_Available data_
○ ○ ○

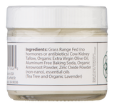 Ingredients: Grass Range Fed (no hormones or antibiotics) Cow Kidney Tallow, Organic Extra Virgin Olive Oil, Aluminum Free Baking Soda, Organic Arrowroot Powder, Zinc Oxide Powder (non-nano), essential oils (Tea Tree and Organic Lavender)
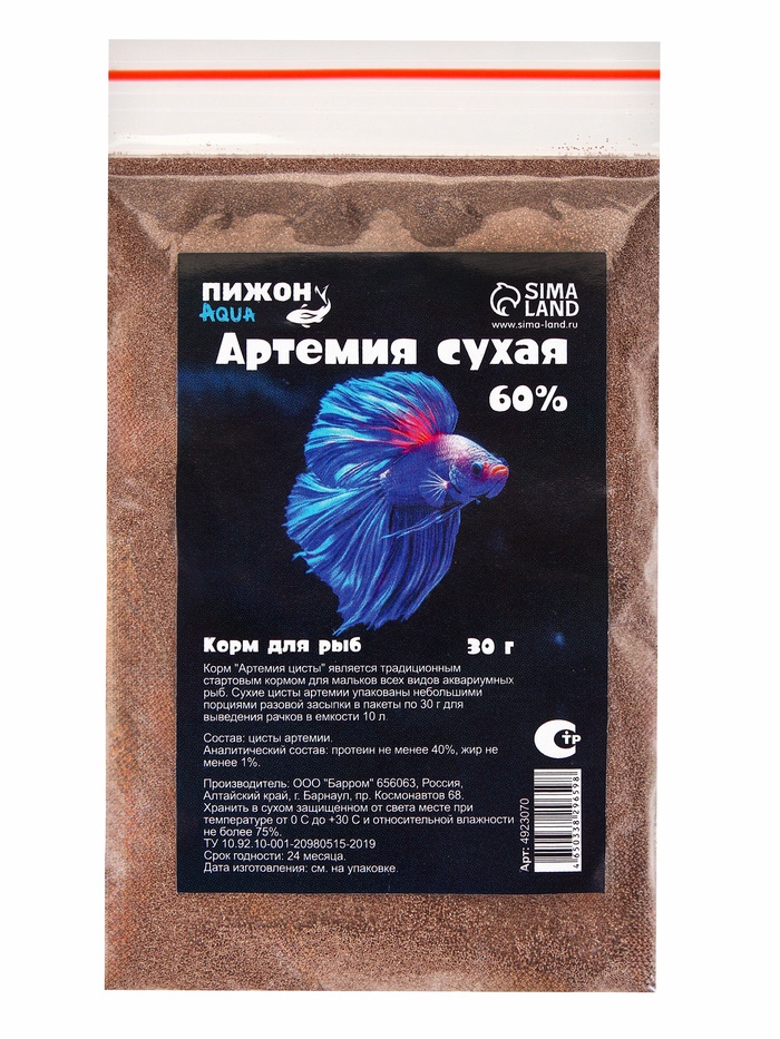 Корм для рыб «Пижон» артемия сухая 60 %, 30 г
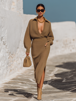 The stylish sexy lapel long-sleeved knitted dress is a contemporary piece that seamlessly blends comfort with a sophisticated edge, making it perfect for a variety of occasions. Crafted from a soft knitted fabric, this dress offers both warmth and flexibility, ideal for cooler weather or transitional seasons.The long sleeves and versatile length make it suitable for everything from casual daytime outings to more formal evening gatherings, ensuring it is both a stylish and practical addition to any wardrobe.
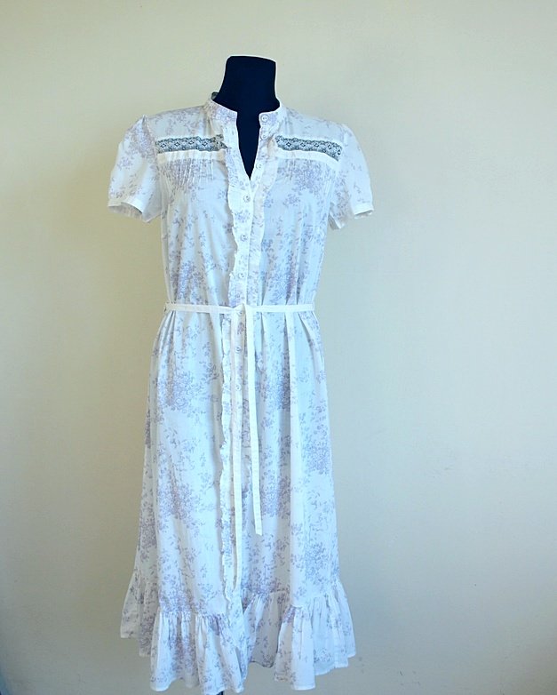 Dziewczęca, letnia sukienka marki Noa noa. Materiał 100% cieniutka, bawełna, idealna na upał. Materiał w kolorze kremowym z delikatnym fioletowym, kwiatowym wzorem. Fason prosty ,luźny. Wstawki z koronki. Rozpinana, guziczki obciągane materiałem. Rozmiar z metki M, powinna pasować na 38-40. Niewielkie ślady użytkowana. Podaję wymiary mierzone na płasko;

○ ○ ○

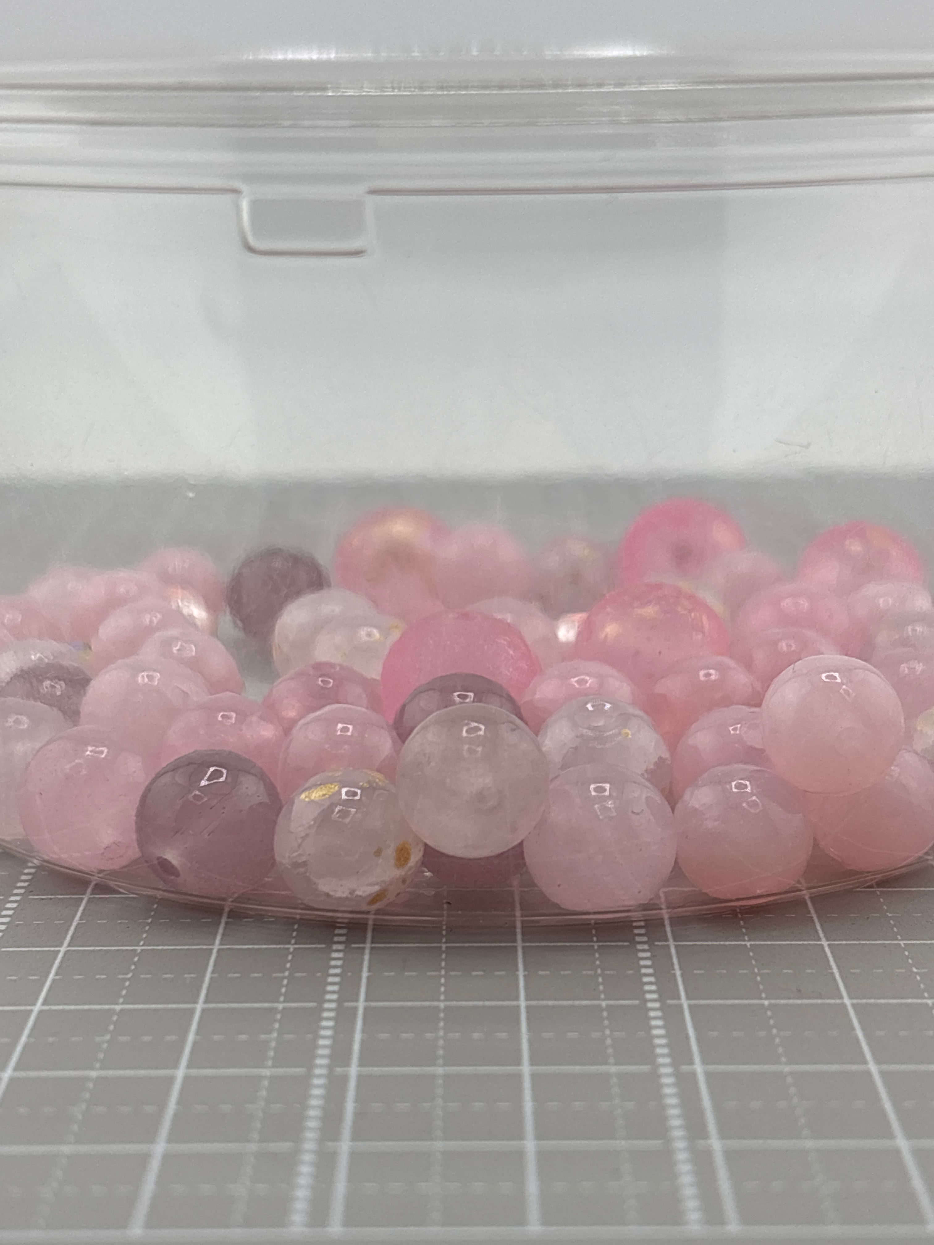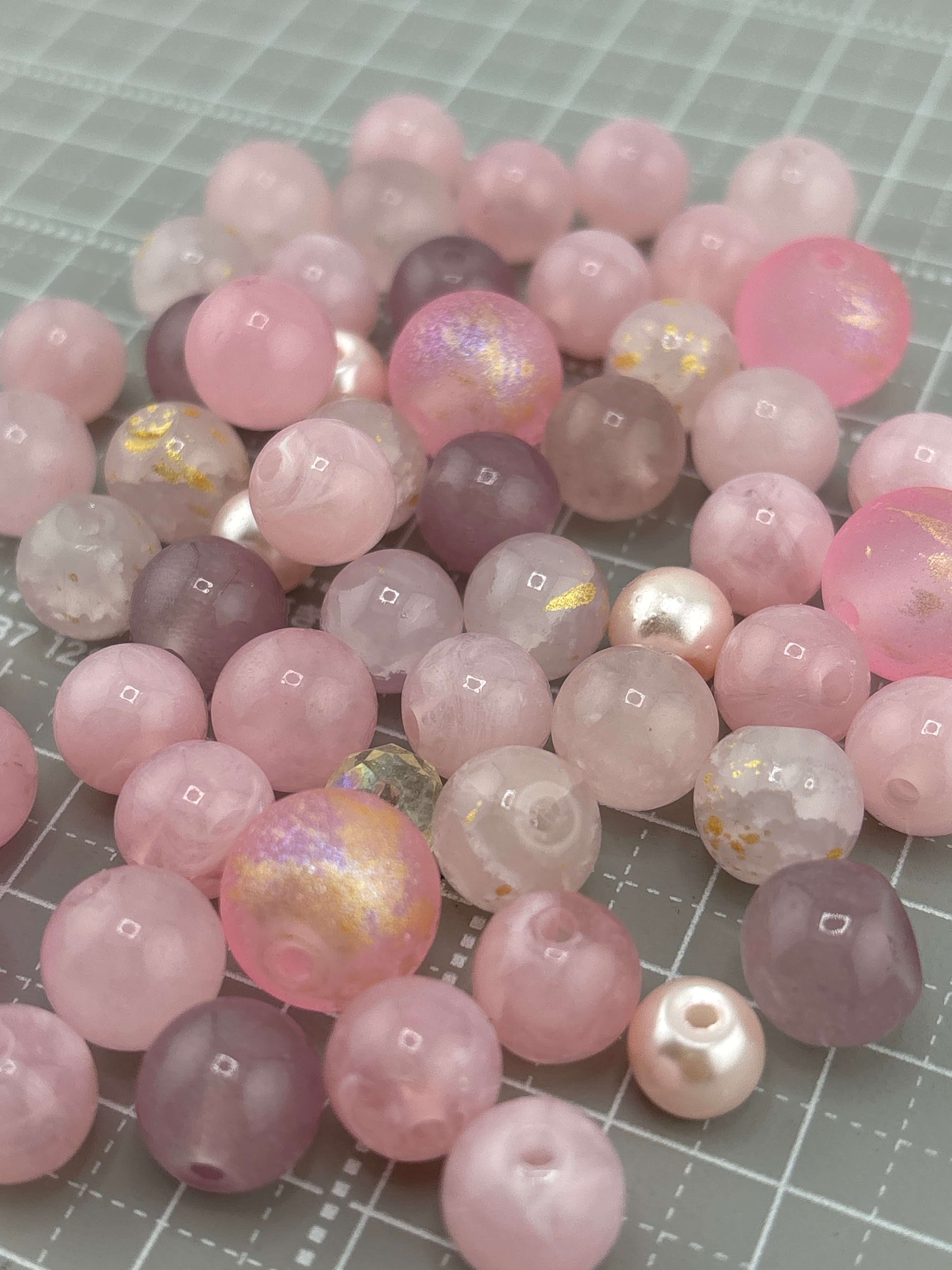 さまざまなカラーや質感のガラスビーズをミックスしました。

○ ○ ○

_Assigned task_
What you return must match, character for character, the lines above from the one with "Корм для рыб" through the one with "Dziewczęca, letnia sukienka", minus any pictures.

_The answer_
 Корм для рыб «Пижон» артемия сухая 60 %, 30 г
 The stylish sexy lapel long-sleeved knitted dress is a contemporary piece that seamlessly blends comfort with a sophisticated edge, making it perfect for a variety of occasions. Crafted from a soft knitted fabric, this dress offers both warmth and flexibility, ideal for cooler weather or transitional seasons.The long sleeves and versatile length make it suitable for everything from casual daytime outings to more formal evening gatherings, ensuring it is both a stylish and practical addition to any wardrobe.
 Dziewczęca, letnia sukienka marki Noa noa. Materiał 100% cieniutka, bawełna, idealna na upał. Materiał w kolorze kremowym z delikatnym fioletowym, kwiatowym wzorem. Fason prosty ,luźny. Wstawki z koronki. Rozpinana, guziczki obciągane materiałem. Rozmiar z metki M, powinna pasować na 38-40. Niewielkie ślady użytkowana. Podaję wymiary mierzone na płasko;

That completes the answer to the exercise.